* Instructions for the task *
Write out exactly the lines of the entries below from the one holding "It has a garden, garden" to the one holding "Gigantische Franse eiermand", inclusive, and leave out all other lines.

-*-

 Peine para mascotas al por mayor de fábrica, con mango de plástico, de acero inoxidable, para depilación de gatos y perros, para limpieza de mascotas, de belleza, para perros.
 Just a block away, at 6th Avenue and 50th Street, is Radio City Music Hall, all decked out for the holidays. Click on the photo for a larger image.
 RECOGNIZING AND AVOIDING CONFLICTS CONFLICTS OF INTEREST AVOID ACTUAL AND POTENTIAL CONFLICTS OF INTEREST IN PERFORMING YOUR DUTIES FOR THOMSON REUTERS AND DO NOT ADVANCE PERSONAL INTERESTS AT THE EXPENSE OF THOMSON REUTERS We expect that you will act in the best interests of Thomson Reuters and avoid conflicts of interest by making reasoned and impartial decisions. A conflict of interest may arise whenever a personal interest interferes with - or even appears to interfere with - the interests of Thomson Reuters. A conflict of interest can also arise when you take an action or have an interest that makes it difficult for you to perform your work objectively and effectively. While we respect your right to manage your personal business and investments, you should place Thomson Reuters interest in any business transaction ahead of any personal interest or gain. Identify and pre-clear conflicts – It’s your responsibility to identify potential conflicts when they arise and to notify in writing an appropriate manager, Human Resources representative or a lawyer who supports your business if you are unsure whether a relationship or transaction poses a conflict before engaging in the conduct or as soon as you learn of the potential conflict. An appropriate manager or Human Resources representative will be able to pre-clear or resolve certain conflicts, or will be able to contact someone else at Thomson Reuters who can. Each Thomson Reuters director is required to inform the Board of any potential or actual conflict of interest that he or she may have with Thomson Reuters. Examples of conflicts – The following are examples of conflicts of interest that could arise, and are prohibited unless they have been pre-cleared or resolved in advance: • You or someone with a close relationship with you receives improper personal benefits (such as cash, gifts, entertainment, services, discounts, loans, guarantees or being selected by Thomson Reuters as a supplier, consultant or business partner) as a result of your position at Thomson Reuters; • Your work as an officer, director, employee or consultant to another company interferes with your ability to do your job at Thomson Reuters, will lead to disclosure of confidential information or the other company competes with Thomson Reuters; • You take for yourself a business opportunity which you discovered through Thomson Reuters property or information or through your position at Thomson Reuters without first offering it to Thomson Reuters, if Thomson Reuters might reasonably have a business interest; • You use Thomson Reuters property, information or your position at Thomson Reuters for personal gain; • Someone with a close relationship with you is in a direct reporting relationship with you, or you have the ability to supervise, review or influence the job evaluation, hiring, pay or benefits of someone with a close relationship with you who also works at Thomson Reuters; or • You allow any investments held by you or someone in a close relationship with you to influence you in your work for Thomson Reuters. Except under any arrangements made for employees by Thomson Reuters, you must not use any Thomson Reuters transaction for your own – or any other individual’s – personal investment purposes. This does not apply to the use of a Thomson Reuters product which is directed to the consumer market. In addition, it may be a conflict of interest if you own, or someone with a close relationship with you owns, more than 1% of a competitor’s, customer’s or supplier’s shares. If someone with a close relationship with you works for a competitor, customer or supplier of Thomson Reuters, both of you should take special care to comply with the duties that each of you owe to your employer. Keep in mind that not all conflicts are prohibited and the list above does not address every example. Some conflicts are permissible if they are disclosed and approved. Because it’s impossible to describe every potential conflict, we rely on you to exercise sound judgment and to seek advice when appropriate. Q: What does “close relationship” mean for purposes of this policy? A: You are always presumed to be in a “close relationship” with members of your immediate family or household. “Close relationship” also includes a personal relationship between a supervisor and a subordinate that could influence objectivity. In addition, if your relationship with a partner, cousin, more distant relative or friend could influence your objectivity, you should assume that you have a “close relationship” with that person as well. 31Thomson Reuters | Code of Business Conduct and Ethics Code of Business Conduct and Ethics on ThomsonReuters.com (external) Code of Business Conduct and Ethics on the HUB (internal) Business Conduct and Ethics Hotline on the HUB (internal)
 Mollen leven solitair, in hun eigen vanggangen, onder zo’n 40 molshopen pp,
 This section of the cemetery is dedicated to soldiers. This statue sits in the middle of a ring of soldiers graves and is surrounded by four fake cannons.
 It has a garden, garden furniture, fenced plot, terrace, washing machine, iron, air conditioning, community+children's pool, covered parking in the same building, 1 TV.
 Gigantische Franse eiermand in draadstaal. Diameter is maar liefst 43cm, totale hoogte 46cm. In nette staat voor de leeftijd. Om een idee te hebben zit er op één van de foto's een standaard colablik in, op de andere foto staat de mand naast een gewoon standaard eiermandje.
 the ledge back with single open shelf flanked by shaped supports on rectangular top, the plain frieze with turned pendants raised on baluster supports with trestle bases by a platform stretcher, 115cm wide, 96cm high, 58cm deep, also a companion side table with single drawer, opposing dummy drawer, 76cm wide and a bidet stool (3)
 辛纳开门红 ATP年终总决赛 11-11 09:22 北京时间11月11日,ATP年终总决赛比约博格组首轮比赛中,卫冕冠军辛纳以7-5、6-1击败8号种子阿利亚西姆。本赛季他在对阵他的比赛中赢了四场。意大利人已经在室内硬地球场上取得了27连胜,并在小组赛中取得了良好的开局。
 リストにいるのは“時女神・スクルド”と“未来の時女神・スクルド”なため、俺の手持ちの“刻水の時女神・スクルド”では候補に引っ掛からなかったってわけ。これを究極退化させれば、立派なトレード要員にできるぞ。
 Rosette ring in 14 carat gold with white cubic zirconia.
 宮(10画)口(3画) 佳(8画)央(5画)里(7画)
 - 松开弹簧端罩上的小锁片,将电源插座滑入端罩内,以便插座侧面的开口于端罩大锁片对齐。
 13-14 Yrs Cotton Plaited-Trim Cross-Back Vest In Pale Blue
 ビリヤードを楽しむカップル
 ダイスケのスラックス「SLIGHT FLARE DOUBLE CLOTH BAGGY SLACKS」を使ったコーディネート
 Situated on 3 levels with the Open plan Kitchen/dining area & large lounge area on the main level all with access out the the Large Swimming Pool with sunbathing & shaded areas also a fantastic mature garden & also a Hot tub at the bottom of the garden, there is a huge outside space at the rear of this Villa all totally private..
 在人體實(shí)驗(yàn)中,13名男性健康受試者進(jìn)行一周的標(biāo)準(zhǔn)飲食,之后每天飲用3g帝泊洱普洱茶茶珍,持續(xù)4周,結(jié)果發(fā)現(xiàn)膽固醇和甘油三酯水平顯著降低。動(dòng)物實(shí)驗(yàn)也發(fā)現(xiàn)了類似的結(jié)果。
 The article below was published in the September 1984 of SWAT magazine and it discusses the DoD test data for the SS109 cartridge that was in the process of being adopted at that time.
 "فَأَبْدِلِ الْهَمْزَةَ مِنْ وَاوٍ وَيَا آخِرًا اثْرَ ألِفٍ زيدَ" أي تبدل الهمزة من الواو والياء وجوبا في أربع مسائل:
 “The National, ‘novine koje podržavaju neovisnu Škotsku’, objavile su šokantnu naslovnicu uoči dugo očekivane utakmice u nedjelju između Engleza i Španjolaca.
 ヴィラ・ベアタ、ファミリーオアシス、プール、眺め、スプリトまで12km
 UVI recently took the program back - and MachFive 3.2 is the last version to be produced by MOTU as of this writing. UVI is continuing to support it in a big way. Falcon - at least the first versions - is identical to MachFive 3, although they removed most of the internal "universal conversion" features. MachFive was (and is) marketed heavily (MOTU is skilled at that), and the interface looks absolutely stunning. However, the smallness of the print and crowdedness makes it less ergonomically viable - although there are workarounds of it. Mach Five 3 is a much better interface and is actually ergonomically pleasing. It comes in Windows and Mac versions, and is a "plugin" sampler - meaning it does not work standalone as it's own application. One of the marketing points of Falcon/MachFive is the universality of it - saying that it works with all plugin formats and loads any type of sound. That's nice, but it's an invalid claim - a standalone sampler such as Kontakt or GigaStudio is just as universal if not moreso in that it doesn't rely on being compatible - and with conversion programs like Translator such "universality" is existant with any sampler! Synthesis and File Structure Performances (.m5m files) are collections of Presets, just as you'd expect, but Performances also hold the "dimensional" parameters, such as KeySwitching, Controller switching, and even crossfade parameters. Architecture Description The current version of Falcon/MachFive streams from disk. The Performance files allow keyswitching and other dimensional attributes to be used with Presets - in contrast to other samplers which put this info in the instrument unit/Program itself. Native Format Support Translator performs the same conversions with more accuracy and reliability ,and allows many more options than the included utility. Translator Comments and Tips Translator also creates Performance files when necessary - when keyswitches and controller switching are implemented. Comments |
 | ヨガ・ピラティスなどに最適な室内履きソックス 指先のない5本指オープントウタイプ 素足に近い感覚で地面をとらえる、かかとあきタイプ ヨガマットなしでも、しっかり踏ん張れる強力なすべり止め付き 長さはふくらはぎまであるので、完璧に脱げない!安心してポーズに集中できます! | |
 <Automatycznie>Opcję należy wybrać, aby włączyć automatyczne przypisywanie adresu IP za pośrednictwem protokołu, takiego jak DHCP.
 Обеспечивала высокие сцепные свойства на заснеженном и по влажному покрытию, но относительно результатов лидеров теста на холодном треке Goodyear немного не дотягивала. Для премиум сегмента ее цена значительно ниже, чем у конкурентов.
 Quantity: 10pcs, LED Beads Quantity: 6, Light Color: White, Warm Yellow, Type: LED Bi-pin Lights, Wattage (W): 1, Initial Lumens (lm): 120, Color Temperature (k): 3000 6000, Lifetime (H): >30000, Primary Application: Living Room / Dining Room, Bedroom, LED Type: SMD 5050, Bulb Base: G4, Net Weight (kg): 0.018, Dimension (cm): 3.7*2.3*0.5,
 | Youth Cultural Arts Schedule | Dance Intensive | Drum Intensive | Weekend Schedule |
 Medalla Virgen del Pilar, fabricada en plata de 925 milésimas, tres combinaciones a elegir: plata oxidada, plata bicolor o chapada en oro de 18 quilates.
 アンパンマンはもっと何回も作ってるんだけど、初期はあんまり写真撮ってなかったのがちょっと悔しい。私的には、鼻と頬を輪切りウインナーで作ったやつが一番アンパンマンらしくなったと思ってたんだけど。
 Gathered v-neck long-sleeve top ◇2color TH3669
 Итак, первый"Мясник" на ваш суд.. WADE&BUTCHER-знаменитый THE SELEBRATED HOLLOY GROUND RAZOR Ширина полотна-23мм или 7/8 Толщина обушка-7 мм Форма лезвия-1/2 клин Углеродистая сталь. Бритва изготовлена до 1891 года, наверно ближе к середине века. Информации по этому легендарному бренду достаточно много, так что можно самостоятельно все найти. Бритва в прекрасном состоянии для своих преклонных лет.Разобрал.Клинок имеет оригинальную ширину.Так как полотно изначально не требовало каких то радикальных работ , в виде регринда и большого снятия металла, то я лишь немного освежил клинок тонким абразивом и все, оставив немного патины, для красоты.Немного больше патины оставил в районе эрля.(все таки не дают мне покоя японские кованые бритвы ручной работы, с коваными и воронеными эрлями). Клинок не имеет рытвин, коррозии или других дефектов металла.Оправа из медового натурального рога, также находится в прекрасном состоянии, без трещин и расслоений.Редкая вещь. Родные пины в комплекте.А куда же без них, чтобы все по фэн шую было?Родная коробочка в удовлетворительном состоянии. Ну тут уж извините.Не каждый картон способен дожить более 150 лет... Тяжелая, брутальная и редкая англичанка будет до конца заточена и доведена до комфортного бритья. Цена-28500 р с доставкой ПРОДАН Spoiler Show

-*-

* Written answer *
 It has a garden, garden furniture, fenced plot, terrace, washing machine, iron, air conditioning, community+children's pool, covered parking in the same building, 1 TV.
 Gigantische Franse eiermand in draadstaal. Diameter is maar liefst 43cm, totale hoogte 46cm. In nette staat voor de leeftijd. Om een idee te hebben zit er op één van de foto's een standaard colablik in, op de andere foto staat de mand naast een gewoon standaard eiermandje.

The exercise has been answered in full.